§ Records for this exercise
<<<<

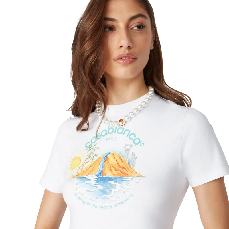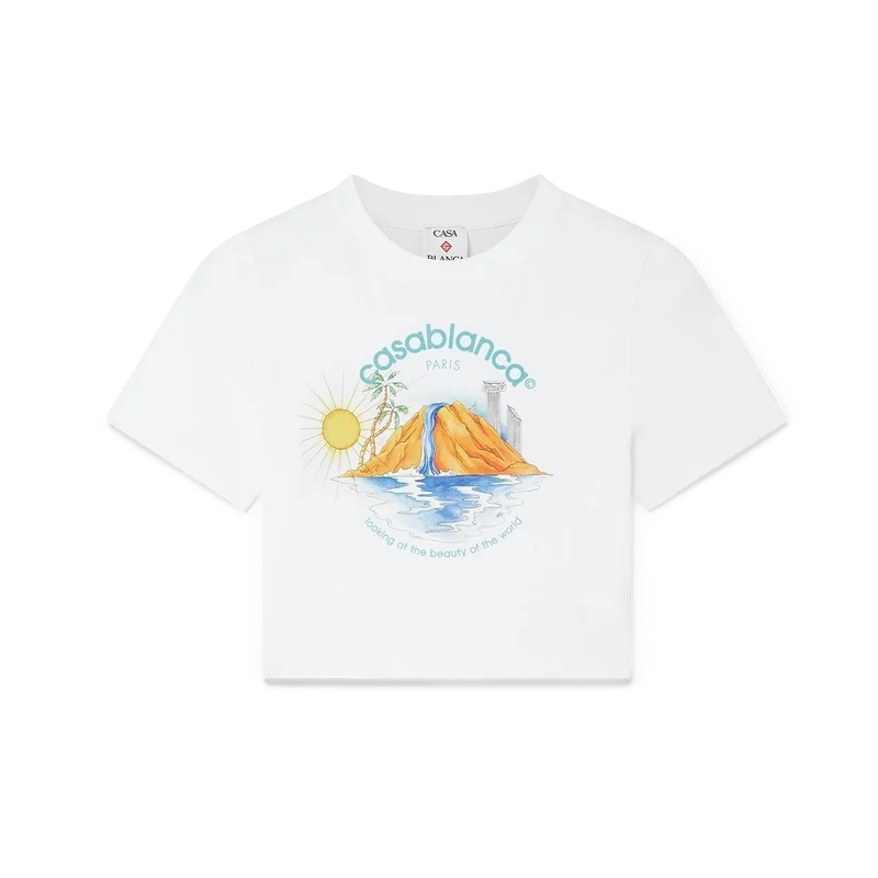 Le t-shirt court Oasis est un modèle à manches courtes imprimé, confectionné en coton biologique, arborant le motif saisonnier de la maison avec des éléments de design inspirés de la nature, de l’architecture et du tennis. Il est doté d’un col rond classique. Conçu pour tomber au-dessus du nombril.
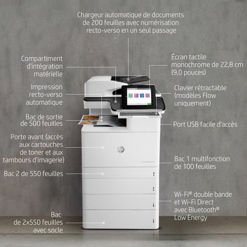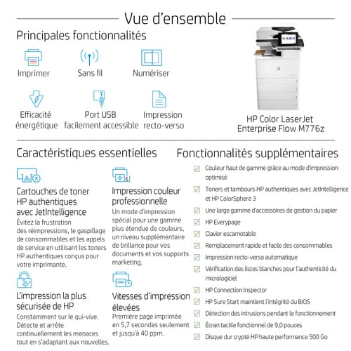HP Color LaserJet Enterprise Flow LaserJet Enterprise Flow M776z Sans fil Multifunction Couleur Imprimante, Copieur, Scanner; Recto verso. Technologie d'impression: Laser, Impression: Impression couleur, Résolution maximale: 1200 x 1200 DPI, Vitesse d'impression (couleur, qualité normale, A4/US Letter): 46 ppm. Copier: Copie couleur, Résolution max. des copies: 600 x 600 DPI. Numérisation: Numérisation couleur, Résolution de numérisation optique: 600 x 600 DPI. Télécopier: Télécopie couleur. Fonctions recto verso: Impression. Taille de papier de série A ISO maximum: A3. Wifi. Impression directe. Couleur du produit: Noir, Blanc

>>>>
<<<<

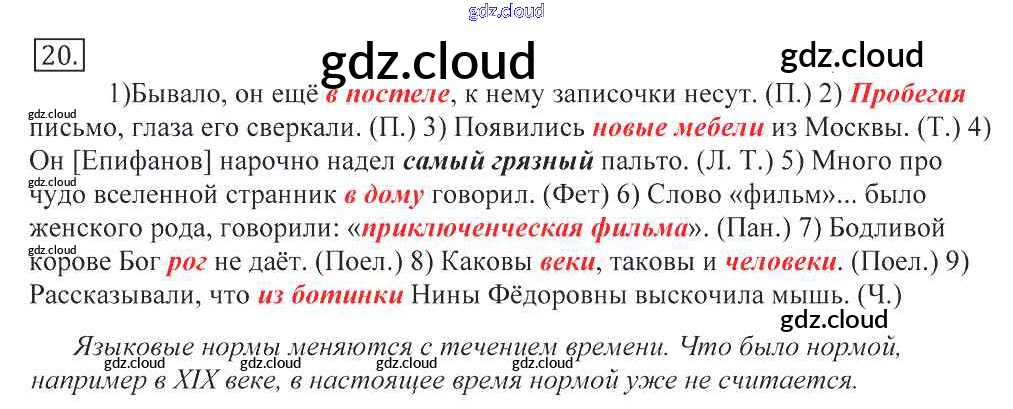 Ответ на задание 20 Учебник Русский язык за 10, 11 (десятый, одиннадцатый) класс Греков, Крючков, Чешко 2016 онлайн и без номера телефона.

>>>>

§ Exercise directions
For this exercise, reproduce exactly the lines of the records above from the one with "Le t-shirt court" up to and including the one with "HP Color LaserJet", without pictures.

§ Written reply
 Le t-shirt court Oasis est un modèle à manches courtes imprimé, confectionné en coton biologique, arborant le motif saisonnier de la maison avec des éléments de design inspirés de la nature, de l’architecture et du tennis. Il est doté d’un col rond classique. Conçu pour tomber au-dessus du nombril.
HP Color LaserJet Enterprise Flow LaserJet Enterprise Flow M776z Sans fil Multifunction Couleur Imprimante, Copieur, Scanner; Recto verso. Technologie d'impression: Laser, Impression: Impression couleur, Résolution maximale: 1200 x 1200 DPI, Vitesse d'impression (couleur, qualité normale, A4/US Letter): 46 ppm. Copier: Copie couleur, Résolution max. des copies: 600 x 600 DPI. Numérisation: Numérisation couleur, Résolution de numérisation optique: 600 x 600 DPI. Télécopier: Télécopie couleur. Fonctions recto verso: Impression. Taille de papier de série A ISO maximum: A3. Wifi. Impression directe. Couleur du produit: Noir, Blanc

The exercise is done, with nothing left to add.